My concern is that with two recent cuts in interest rates by the Federal Reserve, coupled with very low and even negative rates in both advanced and emerging markets, this environment will lead to more borrowing from leveraged borrowers and issuance of CLOs. This will likely happen because there is appetite from investors for higher yielding assets in order to make up for the very low interest rate environment.
Already, retail investors are possibly signaling a return to the leveraged loan markets (insert LCD). According to LCD News “after 43 weeks and nearly $27 billion of withdrawals, retain investors tip-toe back into the U.S. leveraged loan market, [into ETFs], a $24 million for the week ended on September 18.”
While we have reasonably good public data about how much banks and insurance companies are holding in leveraged loans and CLOs, the rest is everyone’s guess. By analyzing Bank of England and Federal Reserve data, I see that banks are the largest holders of leveraged loans and CLOs. Amongst banks, U.S. and Japanese banks, especially Norinchukin, are the most significant holders of leveraged loans and CLOs. ”Non-bank investors, such as hedge funds and insurance companies, are also major investors in CLOs, as they were in CDOs before the GFC,” said Aramonte and Avalos. “Ownership is more difficult to trace for non-bank investors than for banks. If non-bank investors were to experience losses on their CLO holdings, banks might be indirectly exposed. In particular, banks might be connected to those investors through legal and reputational ties, credit facilities or prime brokerage services. “Synthetic” prime brokerage, where hedge funds obtain leverage through derivatives with banks as counterparties, has grown rapidly in recent years.

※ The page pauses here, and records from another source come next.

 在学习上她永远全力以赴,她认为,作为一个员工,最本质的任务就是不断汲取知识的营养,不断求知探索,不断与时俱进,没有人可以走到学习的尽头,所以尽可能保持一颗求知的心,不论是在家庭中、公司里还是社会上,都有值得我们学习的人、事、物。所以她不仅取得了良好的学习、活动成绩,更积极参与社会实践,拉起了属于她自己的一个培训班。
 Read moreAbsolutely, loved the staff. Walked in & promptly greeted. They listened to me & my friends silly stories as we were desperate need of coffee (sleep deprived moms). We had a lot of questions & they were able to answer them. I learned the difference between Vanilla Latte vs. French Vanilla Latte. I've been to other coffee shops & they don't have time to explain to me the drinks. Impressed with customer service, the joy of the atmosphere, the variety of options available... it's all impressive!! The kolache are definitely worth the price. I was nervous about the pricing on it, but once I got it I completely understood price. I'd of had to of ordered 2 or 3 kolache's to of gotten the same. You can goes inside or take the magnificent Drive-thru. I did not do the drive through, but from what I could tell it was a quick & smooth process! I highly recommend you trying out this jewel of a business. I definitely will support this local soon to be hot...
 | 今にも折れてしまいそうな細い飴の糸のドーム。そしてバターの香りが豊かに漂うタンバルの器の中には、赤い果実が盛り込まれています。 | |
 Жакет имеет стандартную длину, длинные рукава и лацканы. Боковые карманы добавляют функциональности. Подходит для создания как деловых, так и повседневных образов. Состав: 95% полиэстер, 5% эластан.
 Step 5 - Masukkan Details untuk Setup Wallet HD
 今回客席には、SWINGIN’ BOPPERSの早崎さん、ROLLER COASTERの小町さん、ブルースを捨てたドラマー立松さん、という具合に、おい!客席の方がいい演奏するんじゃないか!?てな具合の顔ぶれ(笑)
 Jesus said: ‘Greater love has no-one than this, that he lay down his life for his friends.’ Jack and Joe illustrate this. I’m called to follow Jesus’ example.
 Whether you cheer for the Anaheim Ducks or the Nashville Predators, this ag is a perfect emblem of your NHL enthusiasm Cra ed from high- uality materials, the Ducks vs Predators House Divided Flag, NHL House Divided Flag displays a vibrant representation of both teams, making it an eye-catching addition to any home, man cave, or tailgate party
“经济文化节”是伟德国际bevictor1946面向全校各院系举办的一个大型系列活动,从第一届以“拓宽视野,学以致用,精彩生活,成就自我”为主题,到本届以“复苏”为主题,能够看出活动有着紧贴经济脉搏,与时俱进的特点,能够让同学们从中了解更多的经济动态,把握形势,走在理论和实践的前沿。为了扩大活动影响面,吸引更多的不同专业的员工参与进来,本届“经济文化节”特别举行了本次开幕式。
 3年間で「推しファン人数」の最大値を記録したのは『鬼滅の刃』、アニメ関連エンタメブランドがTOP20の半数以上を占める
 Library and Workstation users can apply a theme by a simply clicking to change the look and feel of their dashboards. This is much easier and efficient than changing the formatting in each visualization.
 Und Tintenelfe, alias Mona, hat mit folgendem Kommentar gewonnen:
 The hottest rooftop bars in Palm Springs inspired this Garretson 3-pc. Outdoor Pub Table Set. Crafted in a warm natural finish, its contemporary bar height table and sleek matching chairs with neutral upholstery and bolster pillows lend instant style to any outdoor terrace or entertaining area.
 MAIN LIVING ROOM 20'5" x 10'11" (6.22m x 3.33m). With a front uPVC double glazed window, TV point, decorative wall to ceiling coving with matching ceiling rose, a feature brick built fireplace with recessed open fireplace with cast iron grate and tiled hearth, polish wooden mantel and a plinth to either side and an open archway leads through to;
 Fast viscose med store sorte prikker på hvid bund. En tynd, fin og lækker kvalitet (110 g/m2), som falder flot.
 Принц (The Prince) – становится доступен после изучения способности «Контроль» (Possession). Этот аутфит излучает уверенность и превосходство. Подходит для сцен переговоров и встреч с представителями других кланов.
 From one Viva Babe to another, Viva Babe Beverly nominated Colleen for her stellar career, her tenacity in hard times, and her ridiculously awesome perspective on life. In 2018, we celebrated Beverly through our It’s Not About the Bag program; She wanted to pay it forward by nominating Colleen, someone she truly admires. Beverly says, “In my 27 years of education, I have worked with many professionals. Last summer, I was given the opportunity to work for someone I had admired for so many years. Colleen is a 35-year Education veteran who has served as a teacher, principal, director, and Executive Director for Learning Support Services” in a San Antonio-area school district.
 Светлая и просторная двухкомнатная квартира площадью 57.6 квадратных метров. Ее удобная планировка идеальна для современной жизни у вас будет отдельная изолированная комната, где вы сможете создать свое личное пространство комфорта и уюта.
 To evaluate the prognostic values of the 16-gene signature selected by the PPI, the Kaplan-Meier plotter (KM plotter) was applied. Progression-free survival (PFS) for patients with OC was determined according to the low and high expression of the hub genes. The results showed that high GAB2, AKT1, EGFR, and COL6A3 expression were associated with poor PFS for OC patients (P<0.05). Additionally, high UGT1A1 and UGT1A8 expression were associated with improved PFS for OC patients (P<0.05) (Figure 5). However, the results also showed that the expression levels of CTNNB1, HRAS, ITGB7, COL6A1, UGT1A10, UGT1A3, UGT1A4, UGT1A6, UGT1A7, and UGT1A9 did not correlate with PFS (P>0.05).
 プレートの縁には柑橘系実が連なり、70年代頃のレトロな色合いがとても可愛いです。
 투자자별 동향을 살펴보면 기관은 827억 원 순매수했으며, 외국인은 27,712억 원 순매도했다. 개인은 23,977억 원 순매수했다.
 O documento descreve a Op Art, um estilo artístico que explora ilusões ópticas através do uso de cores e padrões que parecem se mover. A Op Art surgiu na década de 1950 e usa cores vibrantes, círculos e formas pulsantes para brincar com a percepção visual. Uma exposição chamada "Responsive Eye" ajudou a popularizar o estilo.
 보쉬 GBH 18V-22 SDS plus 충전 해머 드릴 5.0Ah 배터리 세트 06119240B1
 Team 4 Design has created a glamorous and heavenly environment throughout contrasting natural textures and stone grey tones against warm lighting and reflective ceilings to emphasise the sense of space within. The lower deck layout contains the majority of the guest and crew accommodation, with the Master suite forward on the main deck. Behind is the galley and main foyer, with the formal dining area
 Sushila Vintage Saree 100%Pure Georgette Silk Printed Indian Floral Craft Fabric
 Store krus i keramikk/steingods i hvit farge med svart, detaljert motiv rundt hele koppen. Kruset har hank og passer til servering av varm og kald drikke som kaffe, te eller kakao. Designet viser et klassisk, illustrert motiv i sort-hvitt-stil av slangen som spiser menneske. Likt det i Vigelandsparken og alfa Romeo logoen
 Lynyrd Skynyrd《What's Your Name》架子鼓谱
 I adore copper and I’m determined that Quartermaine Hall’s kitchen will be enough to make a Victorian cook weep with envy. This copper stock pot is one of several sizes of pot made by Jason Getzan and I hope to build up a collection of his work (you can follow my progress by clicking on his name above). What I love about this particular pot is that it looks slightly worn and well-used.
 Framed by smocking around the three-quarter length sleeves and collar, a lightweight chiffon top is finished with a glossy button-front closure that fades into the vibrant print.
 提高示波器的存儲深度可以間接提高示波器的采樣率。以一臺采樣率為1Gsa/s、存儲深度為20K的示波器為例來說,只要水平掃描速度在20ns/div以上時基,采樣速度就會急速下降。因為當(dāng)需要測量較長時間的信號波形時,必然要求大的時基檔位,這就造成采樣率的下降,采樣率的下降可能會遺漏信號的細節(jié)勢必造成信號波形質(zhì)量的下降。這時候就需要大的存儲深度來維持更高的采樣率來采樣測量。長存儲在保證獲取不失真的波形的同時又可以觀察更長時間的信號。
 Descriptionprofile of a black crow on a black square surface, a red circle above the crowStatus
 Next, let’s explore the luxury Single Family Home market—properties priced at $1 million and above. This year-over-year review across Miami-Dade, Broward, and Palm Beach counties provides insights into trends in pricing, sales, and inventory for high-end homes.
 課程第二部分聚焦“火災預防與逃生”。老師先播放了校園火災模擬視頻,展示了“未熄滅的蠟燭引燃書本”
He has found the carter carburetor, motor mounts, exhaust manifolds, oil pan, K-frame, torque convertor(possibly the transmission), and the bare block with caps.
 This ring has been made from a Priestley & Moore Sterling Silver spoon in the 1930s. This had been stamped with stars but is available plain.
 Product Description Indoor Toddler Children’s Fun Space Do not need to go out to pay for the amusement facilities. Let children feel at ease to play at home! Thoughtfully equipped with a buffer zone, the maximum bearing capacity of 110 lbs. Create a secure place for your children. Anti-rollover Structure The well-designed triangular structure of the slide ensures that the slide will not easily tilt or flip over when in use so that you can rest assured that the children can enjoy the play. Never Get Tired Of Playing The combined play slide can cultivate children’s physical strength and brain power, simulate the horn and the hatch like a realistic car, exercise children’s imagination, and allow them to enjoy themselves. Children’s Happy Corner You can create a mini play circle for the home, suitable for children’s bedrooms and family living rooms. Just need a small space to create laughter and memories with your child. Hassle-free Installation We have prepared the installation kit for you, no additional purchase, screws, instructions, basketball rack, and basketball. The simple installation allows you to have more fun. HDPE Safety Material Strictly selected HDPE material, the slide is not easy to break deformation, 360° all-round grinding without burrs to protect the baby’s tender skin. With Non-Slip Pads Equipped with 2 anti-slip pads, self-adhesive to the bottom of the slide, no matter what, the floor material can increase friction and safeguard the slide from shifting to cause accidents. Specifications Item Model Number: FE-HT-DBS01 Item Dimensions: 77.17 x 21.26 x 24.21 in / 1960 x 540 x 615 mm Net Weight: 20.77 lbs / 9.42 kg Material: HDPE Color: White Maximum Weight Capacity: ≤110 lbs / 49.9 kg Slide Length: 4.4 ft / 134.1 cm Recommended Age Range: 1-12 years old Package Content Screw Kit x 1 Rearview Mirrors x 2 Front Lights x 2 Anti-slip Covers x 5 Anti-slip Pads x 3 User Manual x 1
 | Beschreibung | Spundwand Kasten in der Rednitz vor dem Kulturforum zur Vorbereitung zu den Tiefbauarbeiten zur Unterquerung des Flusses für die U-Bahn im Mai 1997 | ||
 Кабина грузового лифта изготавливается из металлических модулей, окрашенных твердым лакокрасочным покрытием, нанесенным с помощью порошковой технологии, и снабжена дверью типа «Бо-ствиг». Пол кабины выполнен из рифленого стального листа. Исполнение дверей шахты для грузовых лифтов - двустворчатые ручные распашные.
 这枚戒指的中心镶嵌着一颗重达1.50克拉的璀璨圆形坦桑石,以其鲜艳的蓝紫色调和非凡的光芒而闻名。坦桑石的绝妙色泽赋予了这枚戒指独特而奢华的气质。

It also entails lower regulatory capital charges. Like banks’ off-balance sheet exposure to CDOs, which was a source of instability in 2007, banks’ prime brokerage exposure to CLO holders could result in larger losses than implied by direct exposures, creating heightened financial stress.” Additionally, the BIS economists explained that “Additional spillovers could arise from disruptions in market liquidity. Since the GFC, assets managed by fixed income mutual funds, including bank loan funds, have increased substantially. Some investment funds offering daily redemption of shares hold a small share of their assets in CLOs. At times of market distress, investors may rush to redeem their shares, quickly depleting the liquidity buffers held by such funds. This rush could result in fire sales and large price volatility, imposing mark-to-market losses on other intermediaries. Price volatility could also disrupt short term funding collateralised by CLOs, similarly to the “run on repo” in 2007. However, the use of CLOs as repo collateral appears minimal today, in contrast to the more widespread use of CDOs or MBS in the past.”
Unfortunately, in an economic downturn leveraged loans and CLOs will have significant capital implications for banks and insurance companies which have to increase capital to sustain unexpected losses when assets become riskier or more illiquid. Increasing capital in an economic downturn is not easy, so companies typically have to sell assets, which can lead to fire sales. Importantly, before an economic downturn comes, civil servants, nurses, firemen, teachers and policemen whose pensions have exposures to leveraged loans and CLOs will also take a hit as well. All individuals who have investments in ETFs and fixed income bond funds would do well to see what their exposure to leveraged loans and CLOs are.